_PROBLEM TO WORK ON_
Your answer must be an exact copy of the data below, minus any pictures.

_DATA SHOWN_
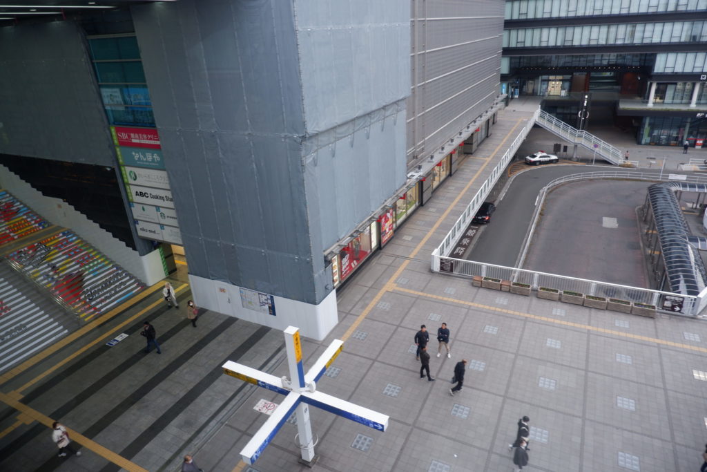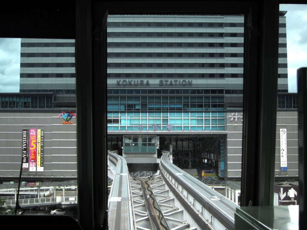 ペデストリアンデッキやバスターミナルを眼下に眺めながら、ゆっくりと巨大な建物に吸い込まれていく。まるでSF映画のワンシーンのような非日常とともに、終点・小倉駅に到着しました。
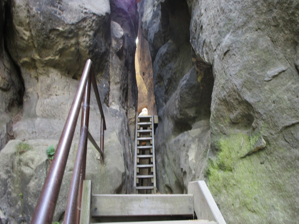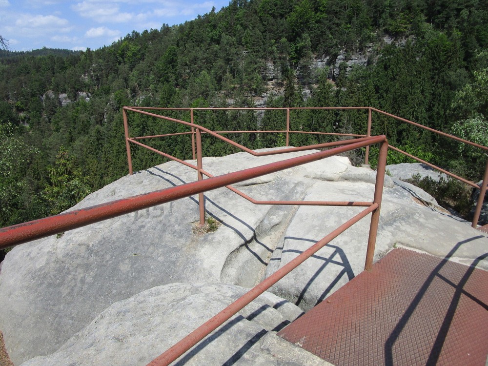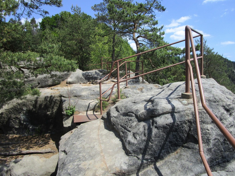 Po vystoupání na vrchol je hezký rozhled na Česko-saské Švýcarsko. Po zpětném sešplhání si cestu zkracujeme vyšlapanou stezkou. Je daleko pohodlnější a kratší. Na rozcestí se dáváme vpravo a po chvíli jsme u Loupežáka. Tentokrát si venku na zahrádce dopřáváme menší tekuté občerstvení. A to pivko i nealkoholické. Po návratu k modráskovi ještě taháme řízečky z krabice. Ani chleba k tomu není nutný. Po svačince ještě vyrážíme do osady Mezná. Tady měly být zachované chaloupky, ale jsme zklamaní, a tak otáčíme do Jetřichovic, ty však jen projíždíme. Zajíždíme do Doubice ke Staré hospodě. Ta je známá svými sochami ze dřeva. Moje představa o několika sochách se ztrácí v obrovské kupě všech možných dřevěných výtvorů.  Je to tu hlavně pro dětičky, je to strašně kýčovité, přeplácané. A tak si na zahrádce dáváme kafčo a vracíme se k ubytování ke Starému mlýnu. Na chvíli jdeme na pokoj si odpočinout. Po odpočinku ještě se jedeme podívat k bývalé ozdravovně, kde jsem jako dítě byl a odkud naši dětskou partu do filmování vybrali. Bohužel fotit se dá jen přes plot, neboť zahrada je uzavřena, ač je tam mrtvo. Nějaká fotka přes plot vyšla, a tak otáčíme. Ještě několik fotek půvabných chaloupek přilepených ke skále. Vracíme se do Mlýna na večeři. Je 6 hodin podvečer, a tak si jdeme ještě na chvíli sednout dolů do restaurace na jídlo. K večeři jsou výpečky a pivo. Večer končí na pokoji na gauči.
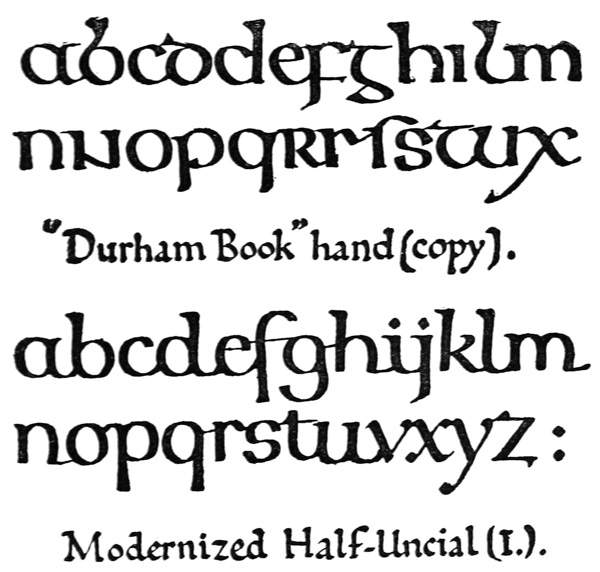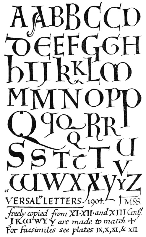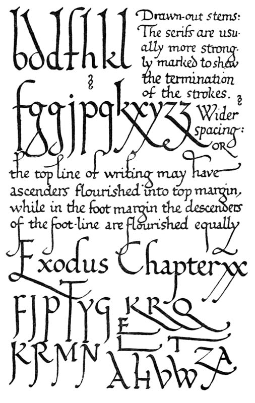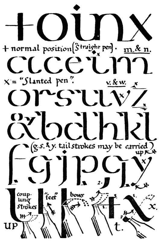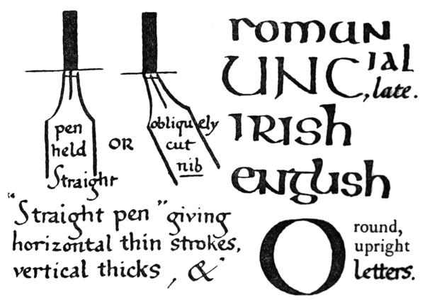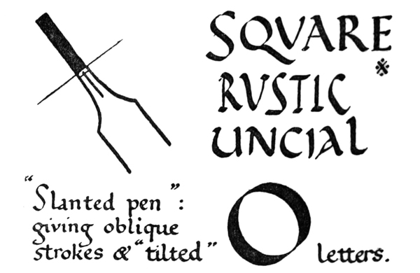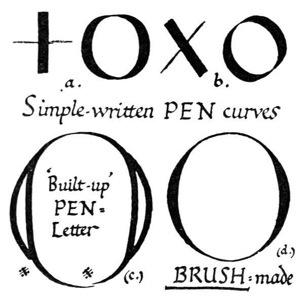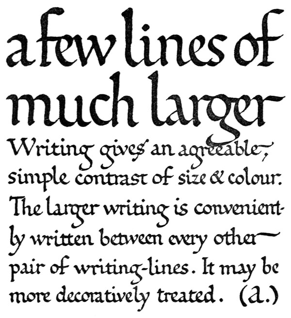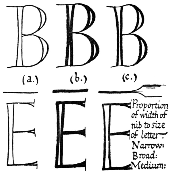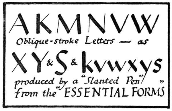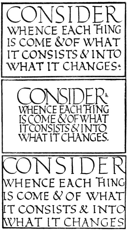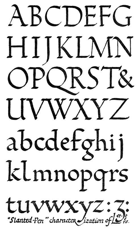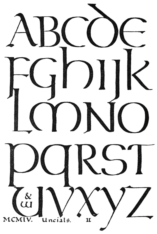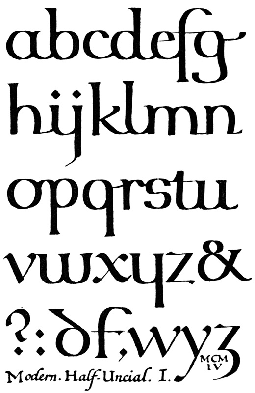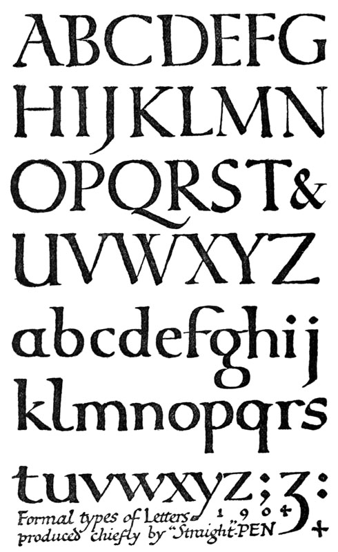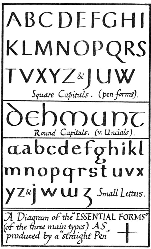 Yet Ordinary Writing and even scribbling has had, and still might have, a good influence on the art of the Letter maker, and at least the common use of pen, ink, & paper makes it a simple matter for any one to essay a formal or ‘book’ hand. A broad nib cut to give clean thick and thin strokes (without appreciable variation of pressure) will teach any one who cares to learn, very clearly and certainly. And though much practice goes to the making of a perfect MS., it is easier than people suppose to make really beautiful things by taking a little pains. As “copy book” hands simple, primitive pen-forms—such as the Uncial & Half-Uncial (pp. 38, 70)—afford the best training and permit [p-xvi] the cultivation of the freedom which is essential in writing: they prepare the way for the mastery of the most practical characters—the ROMAN CAPITAL, roman small-letter, & Italic—and the ultimate development of a lively and personal penmanship.

_SOLUTION TO THIS TASK_
 ペデストリアンデッキやバスターミナルを眼下に眺めながら、ゆっくりと巨大な建物に吸い込まれていく。まるでSF映画のワンシーンのような非日常とともに、終点・小倉駅に到着しました。
 Po vystoupání na vrchol je hezký rozhled na Česko-saské Švýcarsko. Po zpětném sešplhání si cestu zkracujeme vyšlapanou stezkou. Je daleko pohodlnější a kratší. Na rozcestí se dáváme vpravo a po chvíli jsme u Loupežáka. Tentokrát si venku na zahrádce dopřáváme menší tekuté občerstvení. A to pivko i nealkoholické. Po návratu k modráskovi ještě taháme řízečky z krabice. Ani chleba k tomu není nutný. Po svačince ještě vyrážíme do osady Mezná. Tady měly být zachované chaloupky, ale jsme zklamaní, a tak otáčíme do Jetřichovic, ty však jen projíždíme. Zajíždíme do Doubice ke Staré hospodě. Ta je známá svými sochami ze dřeva. Moje představa o několika sochách se ztrácí v obrovské kupě všech možných dřevěných výtvorů.  Je to tu hlavně pro dětičky, je to strašně kýčovité, přeplácané. A tak si na zahrádce dáváme kafčo a vracíme se k ubytování ke Starému mlýnu. Na chvíli jdeme na pokoj si odpočinout. Po odpočinku ještě se jedeme podívat k bývalé ozdravovně, kde jsem jako dítě byl a odkud naši dětskou partu do filmování vybrali. Bohužel fotit se dá jen přes plot, neboť zahrada je uzavřena, ač je tam mrtvo. Nějaká fotka přes plot vyšla, a tak otáčíme. Ještě několik fotek půvabných chaloupek přilepených ke skále. Vracíme se do Mlýna na večeři. Je 6 hodin podvečer, a tak si jdeme ještě na chvíli sednout dolů do restaurace na jídlo. K večeři jsou výpečky a pivo. Večer končí na pokoji na gauči.
 Yet Ordinary Writing and even scribbling has had, and still might have, a good influence on the art of the Letter maker, and at least the common use of pen, ink, & paper makes it a simple matter for any one to essay a formal or ‘book’ hand. A broad nib cut to give clean thick and thin strokes (without appreciable variation of pressure) will teach any one who cares to learn, very clearly and certainly. And though much practice goes to the making of a perfect MS., it is easier than people suppose to make really beautiful things by taking a little pains. As “copy book” hands simple, primitive pen-forms—such as the Uncial & Half-Uncial (pp. 38, 70)—afford the best training and permit [p-xvi] the cultivation of the freedom which is essential in writing: they prepare the way for the mastery of the most practical characters—the ROMAN CAPITAL, roman small-letter, & Italic—and the ultimate development of a lively and personal penmanship.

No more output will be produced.